Figure 1. — A. SCLC NE signature gene expression across different cancer lineages. The expression of NE (left half) and non-NE (right half) genes were averaged by cancer lineages and plotted as a heatmap. The number of cell lines per lineage are visualized as bars plotted right to the heatmap. Note that SCLC and NBL are the two cancer types with the highest number of cell lines in the cluster with high expression of NE genes. B-H, hierarchical clustering of cell lines by omics and functional screening datasets. 1165 cancer cell lines by expression of 19159 genes (B), 897 lines by 214 RPPA features (C), 926 lines by 225 metabolites (D), 688 lines by CRISPR effect score of 509 genes (E), 648 lines by RNAi effect score of 375 genes (F), 624 lines by 208 compounds from GDSC (G), and 794 lines by 168 compounds from CTRP (H). Note the clustering for RNA-seq data was based on the top 10 principal components, RPPA and metabolomics clusterings were based on all available features; dependency and drug clusterings were based on selected consistent features as previously summarized. Each leaf on the dendrogram represents a cell line. The inner rim right outside the dendrogram signifies the cancer lineage and the outer rim indicates the NE score of the cell line.

NE heterogeneity can be observed at inter- and intra-cell line levels for both SCLC and NBL

We assessed NE heterogeneity in SCLC and NBL cell lines by ranking the cell lines in the CCLE panel based on their NE scores. While most of the SCLC and NBL cell lines had positive NE scores and were enriched in the top, a few cell lines had negative NE scores, revealing inter-cell line NE heterogeneity (Figure 2A). We also examined the expression of SCLC NE score signature genes in SCLC and NBL cell lines. Although the signature was established in SCLC cell lines, it was also highly differentially expressed in NBL cell lines (Figure 2B). Four key transcription factors (ASCL1, NEUROD1, POU2F3, and YAP1) have been proposed to define the four molecular subtypes of SCLC. We described their relationship with SCLC NE scores in our previous study [15]. Although these transcription factors have not been used to classify NBL samples, when we examined their expression in NBL cell lines, we observed a pattern of segregation by NE score similar to SCLC - while high-NE-score NBL lines were found to have high expression of ASCL1 or NEUROD1, low-NE-score NBL lines had high expression of YAP1. However, no NBL line was found to express high levels of POU2F3, a tuft cell regulator [41] (Figure 2B). These results suggest that similar transcriptional regulations are involved in driving NE heterogeneity in SCLC and NBL cell lines.

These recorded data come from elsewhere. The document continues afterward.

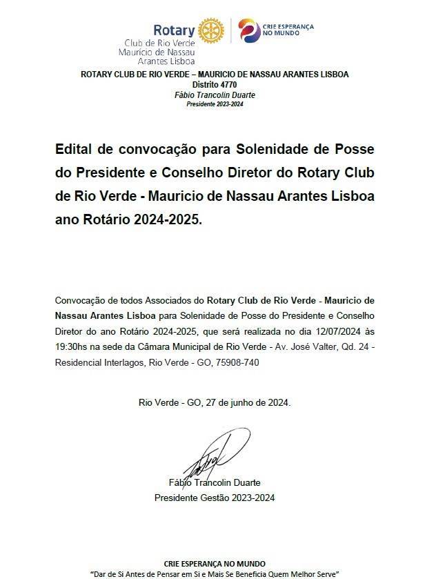 Edital de convocação para Solenidade de Posse do Presidente e Conselho Diretor do Rotary Club de Rio Verde - Mauricio de Nassau Arantes Lisboa ano Rotário 2024-2025.
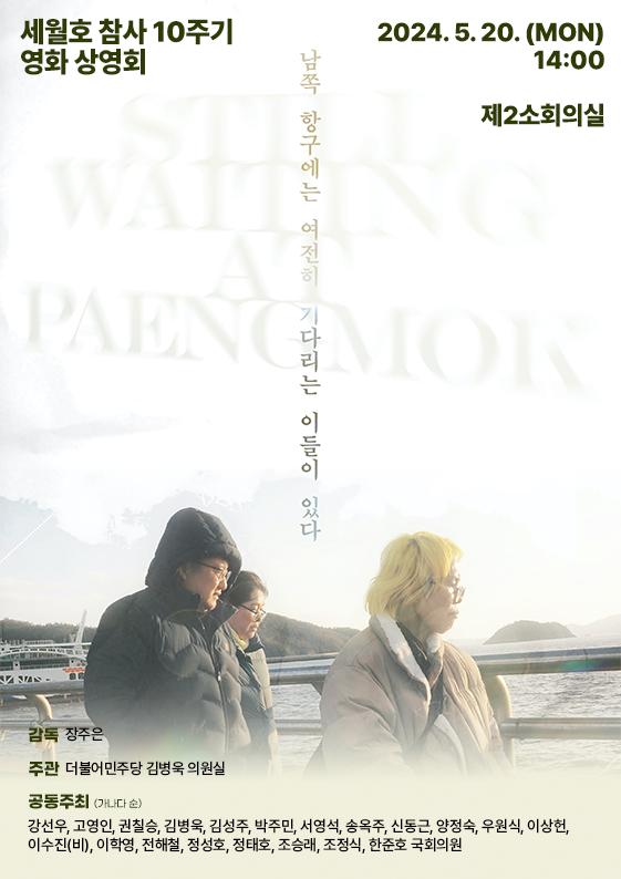 한편 국회 상영회에는 행사를 주관한 더불어민주당 김병욱 국회의원을 비롯해 우원식 국회의장 후보, 이학영 국회부의장 후보, 박찬대 더불어민주당 원내대표, 이재복 4.16 세월호 가족협의회 직무감사, 공동주최 국회의원, 장주은 감독, 관객들이 자리에 참석해 세월호 참사 10주기를 추모하고 영화를 함께 관람할 예정이다.
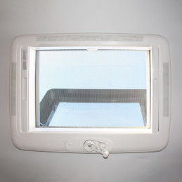 Roleta wewnętrzna Hünerkopf do świetlika DL4 AR (500x500 mm) łączy funkcję zaciemnienia z moskitierą. Podwójne uszczelnienie szczotkowe zapewnia szczelność, a białe profile aluminiowe harmonizują z wnętrzem pojazdu. Szary materiał zaciemniający i czarna siatka.
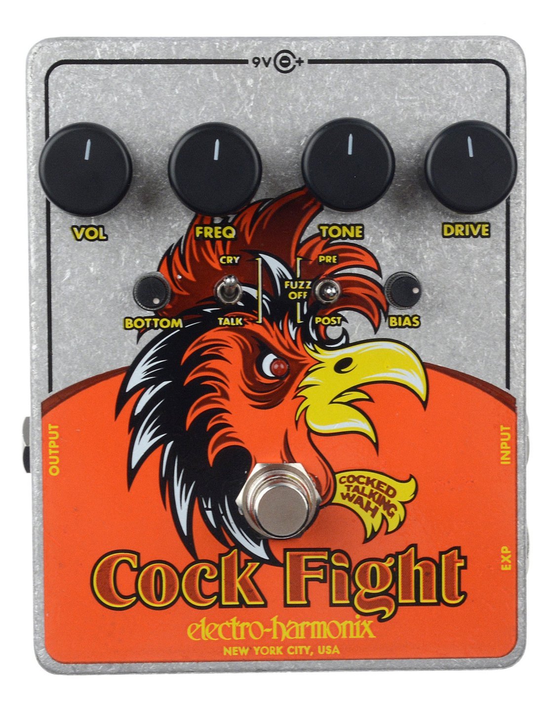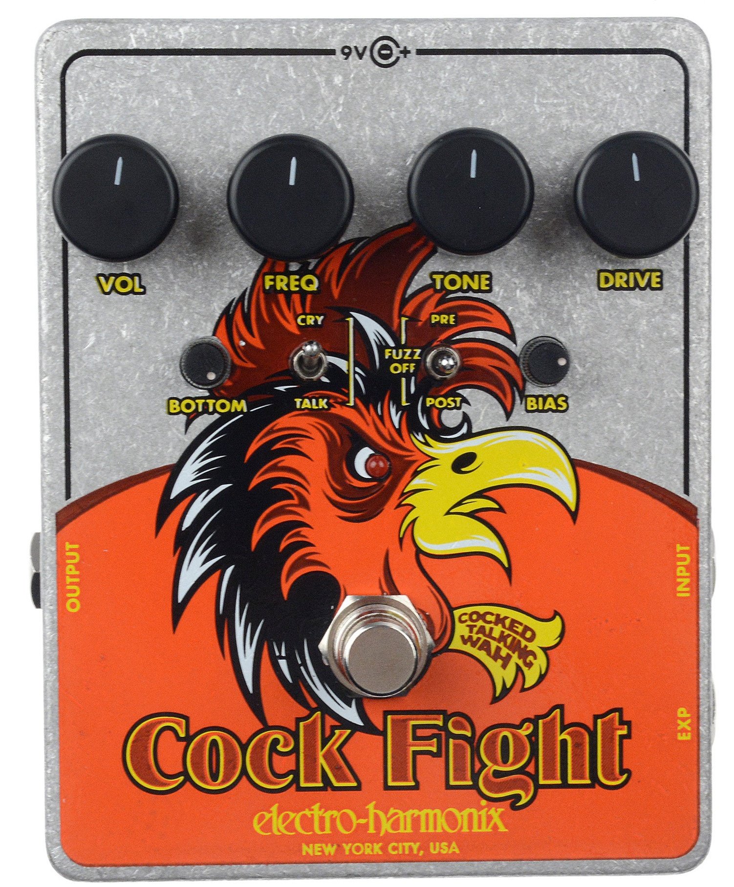 Pedale per Chitarra Electro Harmonix Cock Fight Cocked Talkin Wah. L'Electro Harmonix Cock Fight Cocked Talkin Wah è un pedale per chitarra che racchiude un wah, un filtro talkbox e un fuzz. E’ dotato dei controlli Vol, Freq, Tone, Drive, Bottom, Bias e dei mini interruttori Cry/Talk, Fuzz Off Pre/Post. E' configurabile come wah automatico o manuale collegando un pedale d'espressione.
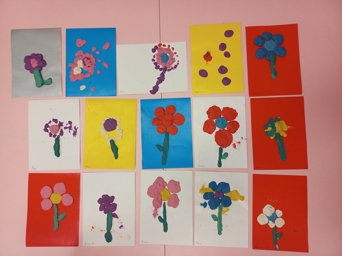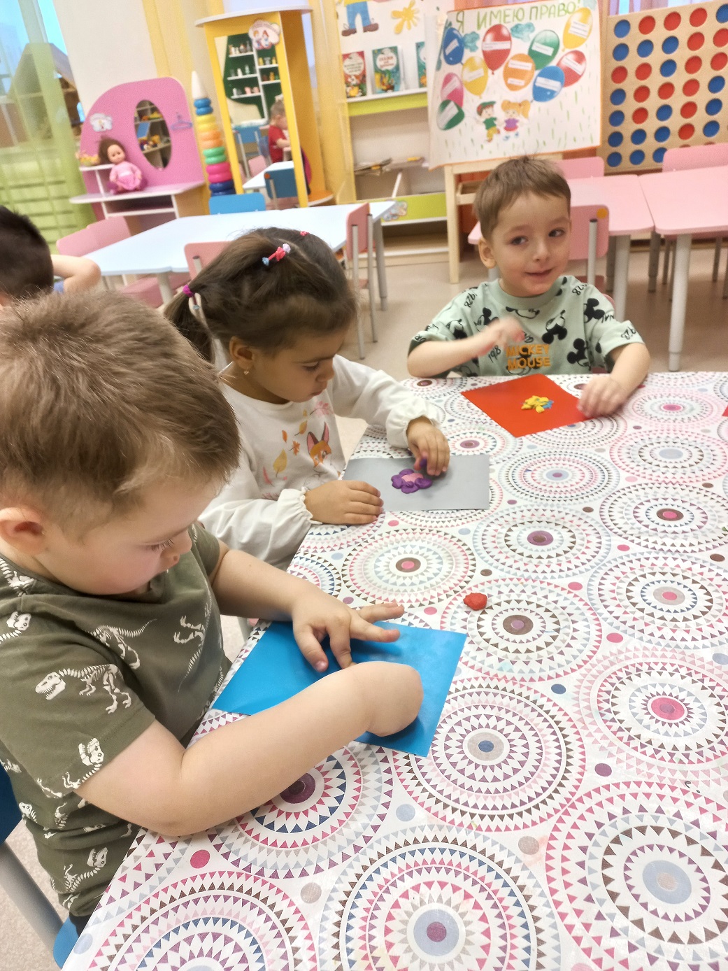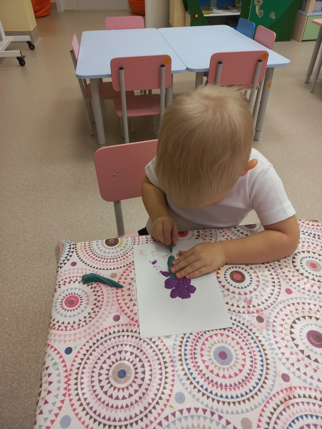 В группе Радуга прошло занятие по художественно-эстетическому развитию. В гости на занятие к детям пришла кукла Маша, которая забыла подарить своей маме цветы. Ребята с удовольствием проявили желание ей помочь, они выполнили цветочки из пластилина. Ребята проявили интерес к занятию.У них получились очень красивые цветы!
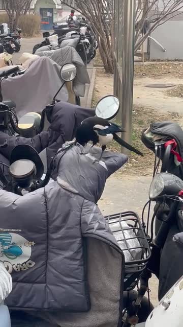 Pair of magpies tear cotton from cover of electric scooter
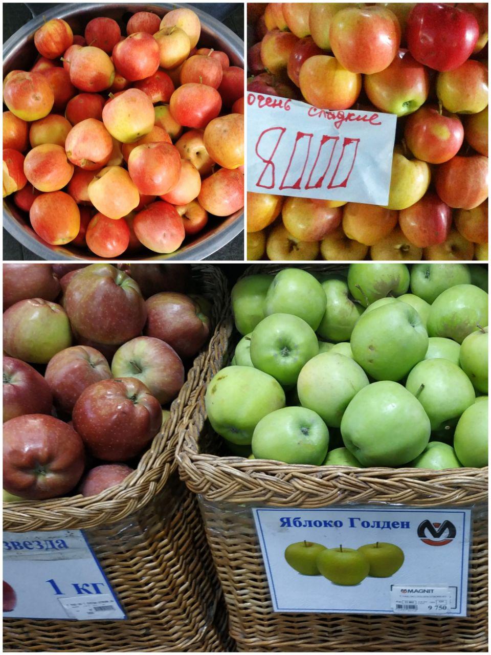 Цена яблок на базаре не превышает десяти тысяч сумов. В корзине гипермаркета она не доходит до этой суммы. Максимальная цена – 9 600 сумов. Что касается продуктов, которые продаются «на земле», то, к удивлению, цена их такая же как в официальных арендованных местах базара.
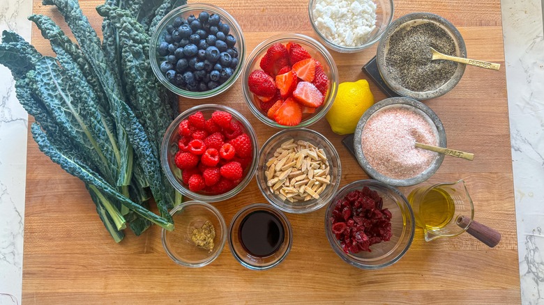 Gather the ingredients for kale and balsamic berry salad
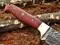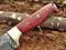 Features: Red Micarta wood scale with Brass bolster 4.5" long Scale is bling with a Mosaic, 2 Brass pins and an inserting hole for extra strength Overall 9" Long with 4" long full tang blade Full tang blades are considered stronger and durable then non full tang Approximately 5 mm Thick Twist pattern Damascus steel drop point blade Up to standard hunting and skinning Knife Comes with a fine quality extra thick and robust leather sheath. The sheath has belt inserting loop and can be worn on belt. Blade is made of Damascus steel by forging the 1095 and 15N20 high and low carbon steel Our Damascus steel is prepared by forging over 465 layer of high carbon and low carbon steel. Blade has been given an excellent heat treatment to get it well hardened Hardness 56 to 58 HRC. If you want more information, OR have queries, please contact us without any hesitation. Tips to
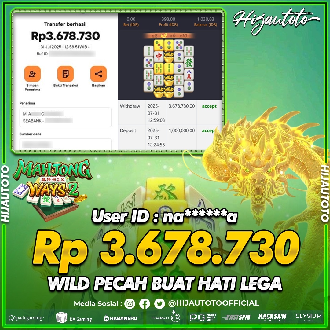 Selamat datang di HIJAUTOTO, tempatnya seru-seruan dan cuan besar! Mulai main cukup dengan modal Rp5.000 aja, taruhan super murah dari Rp100 perak! Mau main slot yang penuh warna? Atau togel dari 20 pasaran paling hits? Atau mungkin tembak ikan yang bikin deg-degan? Tenang, ada juga taruhan bola, sabung ayam, dan live casino yang bikin suasana makin hidup! Daftar sekarang dan dapetin bonus new member 100% langsung, biar modalmu makin tebal. Deposit gampang banget, bisa pakai QRIS, dan kalau butuh bantuan, customer service kita siap 24 jam nonstop. Jadi, tunggu apa lagi? Yuk, gabung dan bawa pulang kemenangannya cuma di HIJAUTOTO!
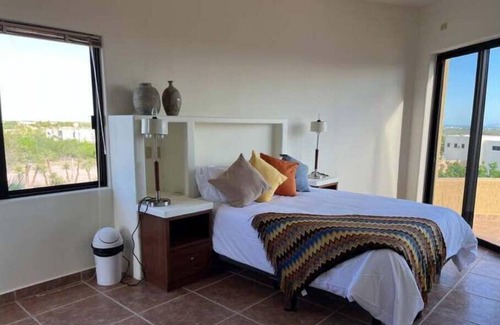 This property hosts four rentals, 2 quaint little studios, that sleep up-to four people, 2 - 2 bedroom suites that can sleep six people. Over looking the Bay of La Paz with stunning, sunrises and sunsets. You will thoroughly emerge yourself in this beauty of the landscape. The common areas have a 55' solar heated pool, 3 Pickle-ball courts, basketball, barbeque area, Palapa bar, a Palapa area for relaxing and hot tub. Bring the whole family to this great place with lots of room for fun.
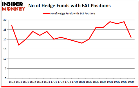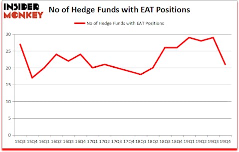 At Q4’s end, a total of 21 of the hedge funds tracked by Insider Monkey were bullish on this stock, a change of -28% from the third quarter of 2019. By comparison, 26 hedge funds held shares or bullish call options in EAT a year ago. So, let’s review which hedge funds were among the top holders of the stock and which hedge funds were making big moves.

Figure 2. — A. Inter-cell line NE heterogeneity. NE scores for CCLE pan-cancer cell lines were ranked from high to low. SCLC and NBL lines were highlighted by colors. Although most of the SCLC and NBL lines have high NE scores, a few of them also have low NE scores. B. Consistent gene expression pattern for SCLC NE signature genes observed for SCLC and NBL cell lines. Cell lines are in columns. Red/blue column left to the heatmap annotates the correlation between the gene expression and NE score; the expression of SCLC driver transcription factors (TFs) and NE scores was annotated above the heatmap. SCLC lines were further classified into four transcription factor (TF) classes. C. Average NE scores from scRNA-seq data align well with NE scores from bulk RNA-seq data for pan-cancer cell lines. D. Distribution of NE scores for lung cancer and neuroblastoma cell lines based scRNA-seq data. E-F. Intra-cell line NE heterogeneity. High- and low- NE score cells are found to coexist within the same SCLC cell line NCI-H1048 (E) or NBL cell line SKNAS (F). Single cells are in columns. Due to the high dropout rate of scRNA-seq data, only the top abundantly expressed genes are visualized.

To explore NE heterogeneity at the intra-cell line level, we compared scRNA-seq-based average NE scores to bulk RNA-seq-based NE scores for 191 cell lines (using scRNA-seq data available for a panel of pan-cancer cell lines [16]) and found a strong correlation (Figure 2C). We also observed that some SCLC and NBL cell lines had broader NE score distributions than others (Figure 2D). Using scRNA-seq data from SCLC patient tumors, we further observed the coexistence of high- and low-NE-score SCLC cells within tumors that exhibited highly variable NE scores (Figure S1A-C). Similarly, upon examining NE and non-NE gene expression across single cells in the SCLC cell line NCI-H1048 and NBL cell line SKNAS, we also observed the coexistence of high- and low-NE-score cells within the same cell line (Figures 2E-F). Notably, within these cell lines, cells with lower NE scores also had higher mesenchymal and IFN-response program scores, as previously annotated [16]. Additionally, low-NE-score cells from SCLC cell line NCIH1048 had higher epithelial senescence-associated program scores, although this association was not statistically significant in NBL cell line SKNAS because NBL is not epithelial (Figure S1D). These findings indicate that the lineage heterogeneity observed in patient tumors is preserved both among cell lines and within individual cells from the same cell line.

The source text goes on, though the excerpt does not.